* _Exercise objective_
Without the pictures, print the lines running from the beginning of the material to the line containing "Ciberate XXXL 100L", both ends included.

++++ Task data ++++

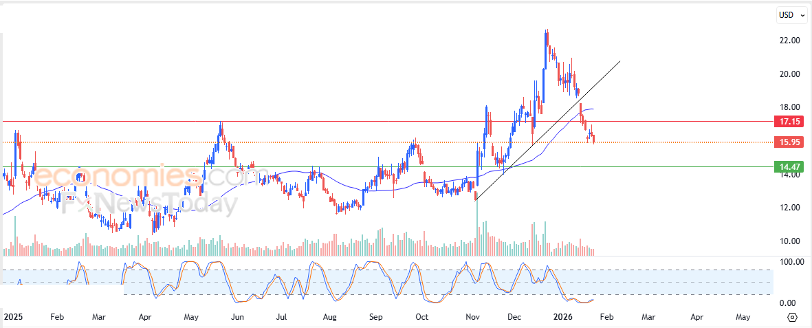 因此,我们预计只要股价保持在 17.15 美元阻力位下方,在接下来的交易中股价就会下跌,目标价位为 14.50 美元支撑位。
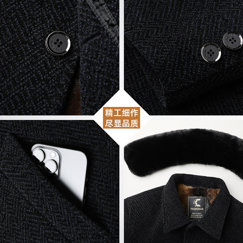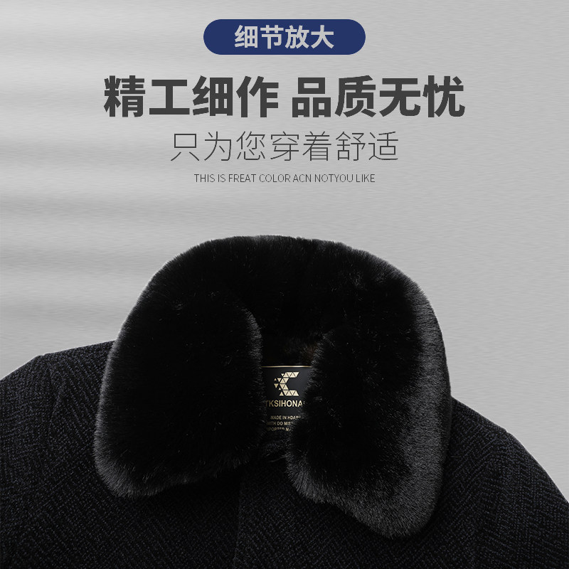爸爸冬装毛呢外套加绒加厚保暖棉服绵羊毛中老年人棉衣男爷爷棉袄
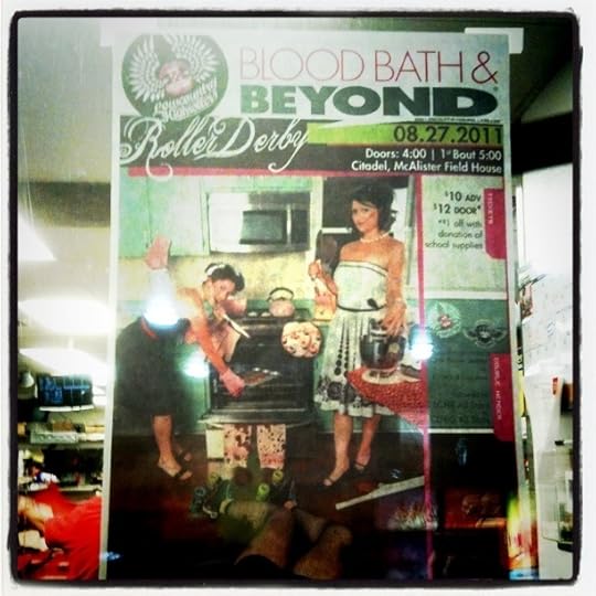 This poster was hanging in various places around Charleston (from which we just returned). I think it's quite clever and nicely done. (Check out that blood spatter on the kitchen towels!) I almost regret I'm going to miss the roller derby action. Almost. School starts tomorrow. GFB is starting junior high–yikes! I'm crossing my fingers for a good day. I will be having fish tacos by myself, accompanied by a book.
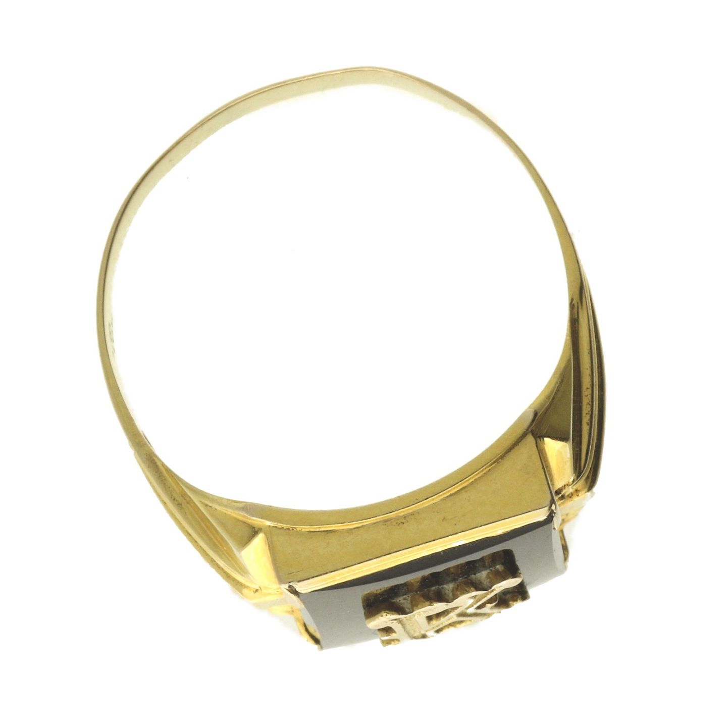 Herrering udført af 10 kt. guld fattet med sort sten. Ringstr: 65. Vægt: ca. 5,22 gr.
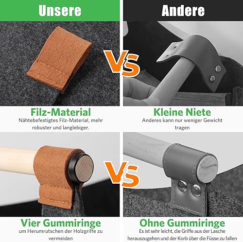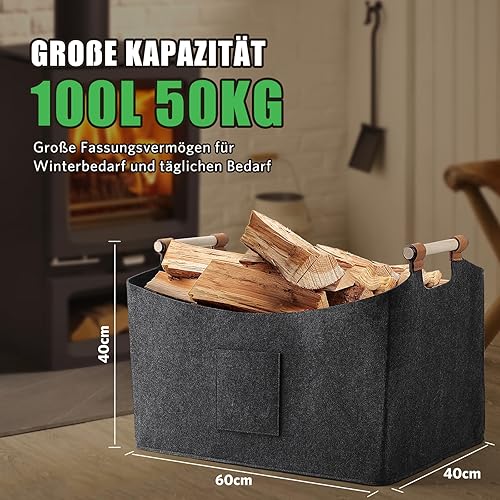 Ciberate XXXL 100L Filzkorb Holzkorb für Kaminholz Brennholzkorb Faltbare Filztasche mit rutschfester Griffe und Fronttasche Feuerholzkorb als Aufbewahrungskorb für Holz, Einkauf (60x40x40cm)
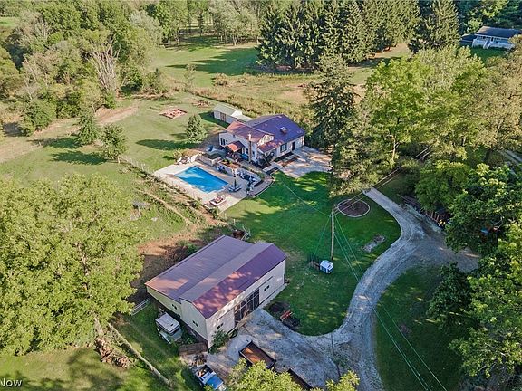 Unique opportunity for an extensively renovated colonial on 5 acres in Massilon! Situated at the end of a quiet private road, this lovely property features an in-ground pool, a barn, and a charming home with tasteful updates throughout. The front door of the home opens into a sun-filled living room that is open to the family room. Here you will find a stone accent wall with a wood-burning fireplace. Head back to the kitchen which includes space for an eat-in area and a full complement of appliances including a newer dishwasher and a fridge that was just replaced! The kitchen is open to a lovely sunroom with a wood stove and a sliding door to the yard. There is one spacious bedroom on the first floor that was just redone with engineered hardwood flooring. A completely renovated full bath and a laundry room complete the first floor. Upstairs, there are 2 spacious bedrooms including the owner's suite. Here you will find a walk-in closet and a luxurious full bath with heated tile flooring, a dual sink vanity, elegant soaking tub, and a step-in shower. The attached garage can fit 3-4 cars lengthwise and / or provide space for a workshop. The barn includes water, electricity, and space for 4-5 horses. Additional updates include a new metal roof in June 2022, metal barn roof in 2020, hot water tank in 2020, several newer windows, newer well pump, newer furnace and fuel tank, pool pump and filter in 2022, and central AC that was installed! Don't miss this one - it will go fast!
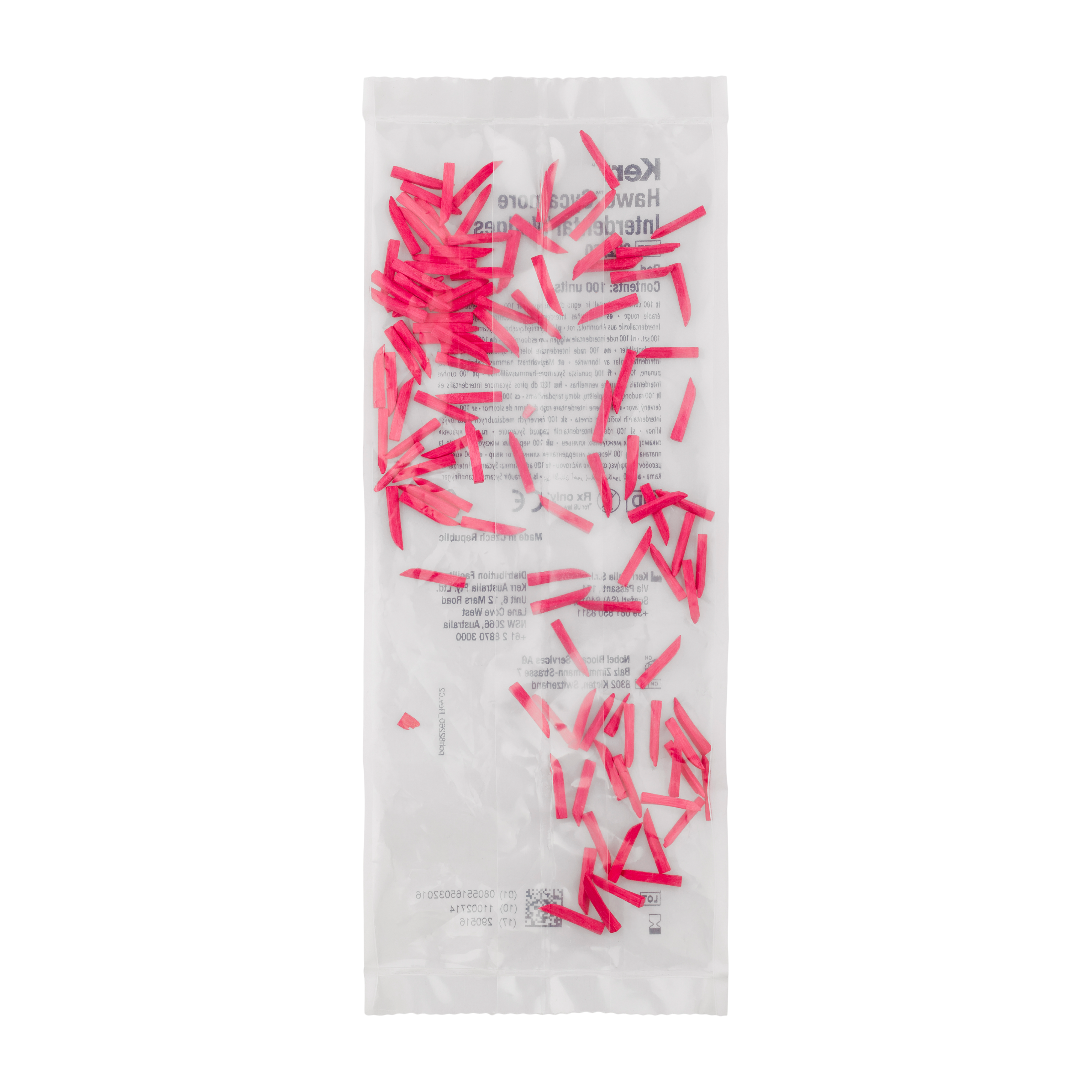 Colour coded interdental wedges with an anatomical optimal shape. The concave sides adapt perfectly to the interdental contour. The square end allows easy insertion of the wedge and the upturned tip prevents damage to the papillae. Wedges are made of splinter free sycamore wood, thus ensuring stability and compressibility.

++++

* _Solution_
 因此,我们预计只要股价保持在 17.15 美元阻力位下方,在接下来的交易中股价就会下跌,目标价位为 14.50 美元支撑位。
爸爸冬装毛呢外套加绒加厚保暖棉服绵羊毛中老年人棉衣男爷爷棉袄
 This poster was hanging in various places around Charleston (from which we just returned). I think it's quite clever and nicely done. (Check out that blood spatter on the kitchen towels!) I almost regret I'm going to miss the roller derby action. Almost. School starts tomorrow. GFB is starting junior high–yikes! I'm crossing my fingers for a good day. I will be having fish tacos by myself, accompanied by a book.
 Herrering udført af 10 kt. guld fattet med sort sten. Ringstr: 65. Vægt: ca. 5,22 gr.
 Ciberate XXXL 100L Filzkorb Holzkorb für Kaminholz Brennholzkorb Faltbare Filztasche mit rutschfester Griffe und Fronttasche Feuerholzkorb als Aufbewahrungskorb für Holz, Einkauf (60x40x40cm)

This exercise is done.